Example: Describing a distribution | AP Statistics | Khan Academy
Sometimes in life, like say on an exam in particular, like an AP exam, you might be asked to describe or compare a distribution. So we're going to get an example of doing that right over here. Sometimes in life, say on an exam, especially on something like an AP exam, you're asked to describe or compare a distribution. What we're going to do in this video is do exactly that. In fact, this one we're going to describe, and then in a future video, we're going to compare distributions.
Now, before we even read about this distribution or look at this distribution, if you're asked to describe a distribution, there are four things that you should be thinking about. You should be thinking about the shape of the distribution, and when we're talking about shape, it's going to be—there could be left skew, there could be right skew, and we'll see examples of these, and we've talked about them in detail in other videos. They could be symmetric.
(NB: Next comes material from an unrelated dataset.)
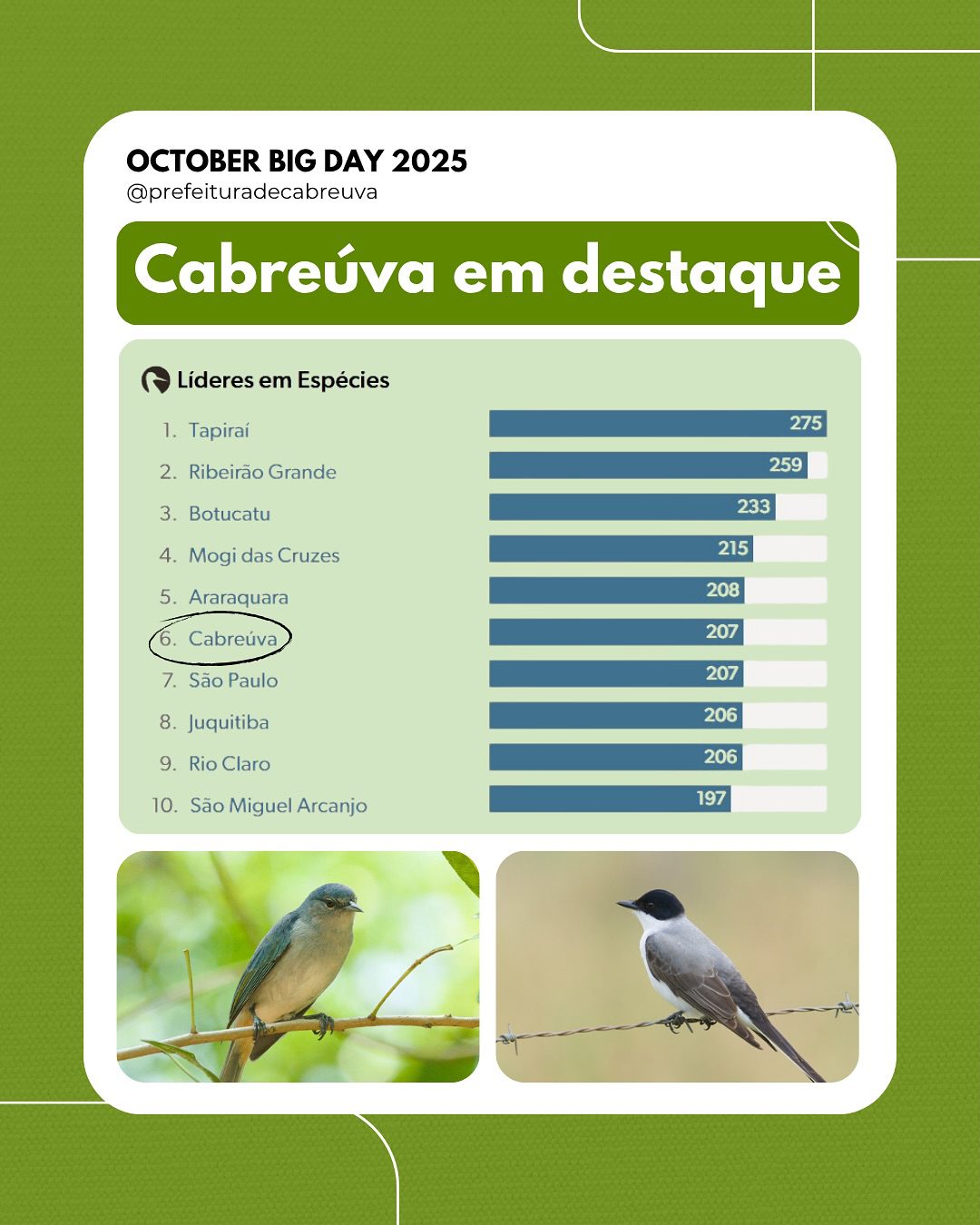 Cabreúva conquistou uma posição de destaque no October Big Day 2025, evento mundial de observação de aves: o município ficou em 6º lugar entre 645 cidades do Estado de São Paulo, registrando impressionantes 207 espécies de aves em apenas um dia.
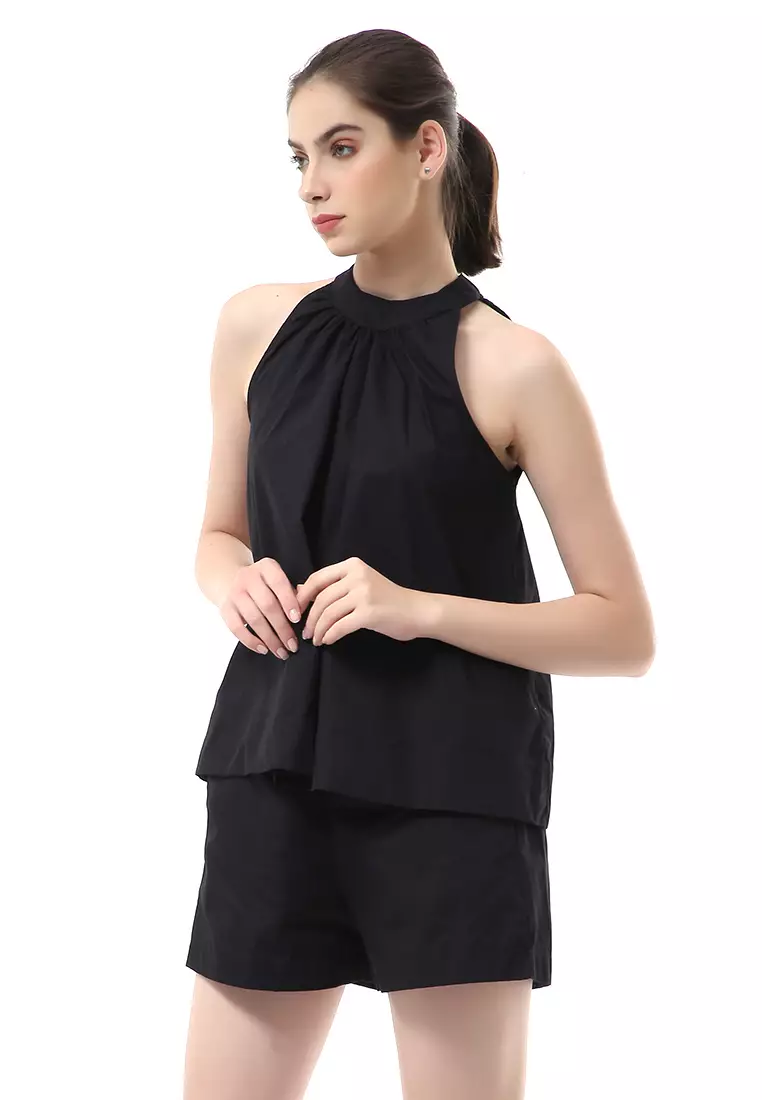 HamlinNayra One Set Setelan Wanita Sleeveless Blouse with Short Pants Plain Motive Material Cotton ORIGINAL - Black1927500.00771000.00

These are the ones that we typically see, although there might be other types of shapes.
You will have your center of distribution, and there are multiple ways of thinking about the center of distribution. We've talked about this before: you have your mean, you have your median—these are the two most typical ones. You have a notion of spread, and for spread, you could use range; you could use interquartile range; you could use something like mean absolute deviation; you could use the standard deviation. These are all measures of spread. Then, you probably should at least comment about outliers—even if you don't see them, it's a good idea to comment just to make sure that you are being relatively comprehensive.
So now given that, let's do—let's describe the distribution right over here. It says, "In the state of Connecticut, the Department of Motor Vehicles (the DMV) requires 16 and 17-year-olds to take a 25-question knowledge test in order to obtain a learner's permit. To pass, prospective drivers must correctly answer at least 20 questions. On one Monday, 22 teenagers took the test. The dot plot below shows their scores."
So why don't you pause this video and see if you can take a shot at describing the shape, the center, the spread, and the outliers? Some of these you might be able to come up with the actual numbers; you might be able to calculate some of these, but really just to get a sense of it, why don't you take a shot at it?
All right, now let's do this together. So first on the shape: what we see is we have—most of the distribution is in this part between 20 and 25, but then we have this fairly long tail to the left. This tells us that we have a left skew, or it is a left-skewed distribution right over here. So we have done the shape—it's a left-skewed distribution because the tail goes to the left.
Now, what about the center of this distribution? There are a few ways to measure center—mean or median. Just for the sake of simplicity, I'll think about the median here. I can actually do—I can eyeball that to some degree; you could also calculate the mean. It would take a little bit more time. I would guess that it's someplace—not even calculating it, I would guess that it's someplace in this range right over there.
But let me actually calculate it. So the median—there are 22 data points, so the median is whatever number has 11 on to the right of it and 11 to the left—half of 22. So let's see. We have 1, 2, 3, 4, 5, 6, 7, 8, 9, 10, 11. So the median here is going to be—let's see, this is 23. We have a bunch of 23s: 1, 2, 3, 4, 5, 6—six 23s.
If we were to just order all of the data points, 11 of the data points would be 23 or less and then 11 would be 23 or more. So our median here—I could say our center is 23 if we use the median. Actually, let me write that down. So our median is 23. That's the measure of center that I decided to use.
Now, what about spread? Well, the simplest measure of spread is just the range, which is the highest value minus the lowest value. So our range here would be 25 minus 4. 25 minus 4 is equal to 21. So that is a measure of range. You could have others, but this one is very easy to calculate.
Then if we think about outliers, well, there are a few outliers I would consider, and that's very subjective. People can debate—you know, if there's a dot right over there, is that an outlier or not? But I would say that these four right over here—I would consider outliers. So I would say approximately four outliers. But once again, this is subjective.
The main point of this exercise is to just get in the habit of thinking about these things. Statistics is all about creating—engineering, one could say—different measurements for center, for spread, different ways to describe the shape. But the point is to just think about these various dimensions.